Forgot to say: so please try with colord (>= 0.1.21-3) and see if that fixes it.
Comment 18 Paul Menzel 2012-10-02 21:01:04 UTC
(In reply to comment #17)
> (In reply to comment #16)
> > Recent colord uploads to Debian:
> > 
> > http://packages.qa.debian.org/c/colord.html
> > 
> > suggest that this might have been a colord bug all along
> 
> Forgot to say: so please try with colord (>= 0.1.21-3) and see if that fixes
> it.

I forgot to say, that I had these updated packages already installed. The result is that the segmentation fault (as pasted above) now happens during shutdown and not during the start.
Comment 19 Simon McVittie 2012-10-03 07:13:42 UTC
For best results, have debugging symbols for at least libdbus and colord (install dbus-1-dbg, and rebuild colord with debug symbols as per <http://wiki.debian.org/HowToGetABacktrace> since it doesn't seem to have a corresponding -dbg package).

(In reply to comment #9)
> Alright. Next thing I try and I hope will hopefully get a backtrace is
> changing in
> 
>     /usr/share/dbus-1/system-services/org.freedesktop.colord-sane.service
> 
> the `Exec` call to the following.
> 
>     Exec=ulimit -c unlimited && /usr/lib/i386-linux-gnu/colord/colord-sane

I think D-Bus requires the Exec in the .service file to be a (full path to a) command + arguments, so you could use:

    Exec=/bin/sh -c "ulimit -c unlimited && /usr/lib/i386-linux-gnu/colord/colord-sane"

Having obtained a core, you can turn that into a backtrace with:

    gdb /usr/lib/*/colord/colord-sane core
    (at the gdb prompt) thread apply all bt full

(In reply to comment #14)
> libdbus-1.so.3.7.0 (i386 userspace with amd64 Linux kernel)
> 00000000f571d482-f56f2000 2B482

I'm afraid this is meaningless to us; even if we knew which function this was in (which in principle we could work out with objdump or something), we also need to know which function it was called from, which function called *that*, and so on. That's the information a full backtrace would give us.
Comment 20 Paul Menzel 2012-10-03 14:54:34 UTC
(In reply to comment #19)
> For best results, have debugging symbols for at least libdbus and colord
> (install dbus-1-dbg, and rebuild colord with debug symbols as per
> <http://wiki.debian.org/HowToGetABacktrace> since it doesn't seem to have a
> corresponding -dbg package).

Sure.

> (In reply to comment #9)
> > Alright. Next thing I try and I hope will hopefully get a backtrace is
> > changing in
> > 
> >     /usr/share/dbus-1/system-services/org.freedesktop.colord-sane.service
> > 
> > the `Exec` call to the following.
> > 
> >     Exec=ulimit -c unlimited && /usr/lib/i386-linux-gnu/colord/colord-sane
> 
> I think D-Bus requires the Exec in the .service file to be a (full path to
> a) command + arguments, so you could use:
> 
>     Exec=/bin/sh -c "ulimit -c unlimited &&
> /usr/lib/i386-linux-gnu/colord/colord-sane"

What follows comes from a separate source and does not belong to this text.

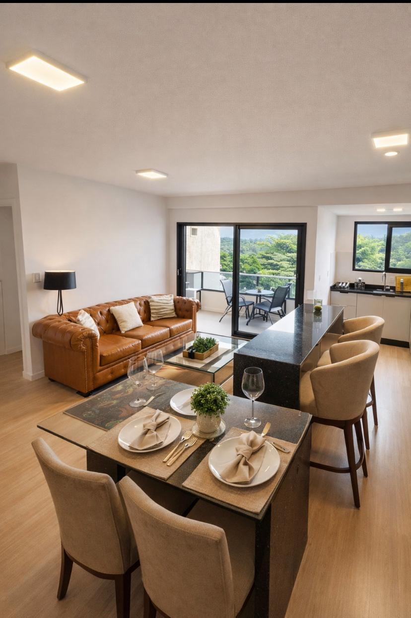 Disfrutá de este amplio y luminoso departamento en pleno centro de Iguazú. Cuenta con 2 dormitorios, 2 baños completos, balcones y parrilla, ideal para relajarte después de un día de paseo. La cocina está completamente equipada para que puedas cocinar con comodidad, y desde los balcones se aprecian vistas verdes que invitan al descanso. Su ubicación es inmejorable: estás cerca de todo, con la tranquilidad para disfrutar como en casa. Además de jacuzzi, wifi rápido y espacio de trabajo.

Thank you very much. On one system this seems to work. On a different one I got the following.

dbus[1980]: [system] Activating service name='org.freedesktop.ColorManager' (using servicehelper)
dbus[1980]: [system] Successfully activated service 'org.freedesktop.ColorManager'
dbus[1980]: [system] Activating service name='org.freedesktop.colord-sane' (using servicehelper)
dbus[1980]: [system] Activated service 'org.freedesktop.colord-sane' failed: Launch helper exited with unknown return code 127

This is on a SSD system. I probably need to pass some debug options to get more information.

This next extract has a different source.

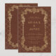 Este elegante convite para o casamento apresenta uma imagem de ouro vintage em ornamentado sobre um fundo angustiado e cor de ferrugem na imitação de um antigo cobrir de livro. Personalize o texto dourado com seus nomes e detalhes de casamento. O lado inverso repete o motivo do quadro.

> Having obtained a core, you can turn that into a backtrace with:
> 
>     gdb /usr/lib/*/colord/colord-sane core
>     (at the gdb prompt) thread apply all bt full
> 
> (In reply to comment #14)
> > libdbus-1.so.3.7.0 (i386 userspace with amd64 Linux kernel)
> > 00000000f571d482-f56f2000 2B482
> 
> I'm afraid this is meaningless to us; even if we knew which function this
> was in (which in principle we could work out with objdump or something), we
> also need to know which function it was called from, which function called
> *that*, and so on. That's the information a full backtrace would give us.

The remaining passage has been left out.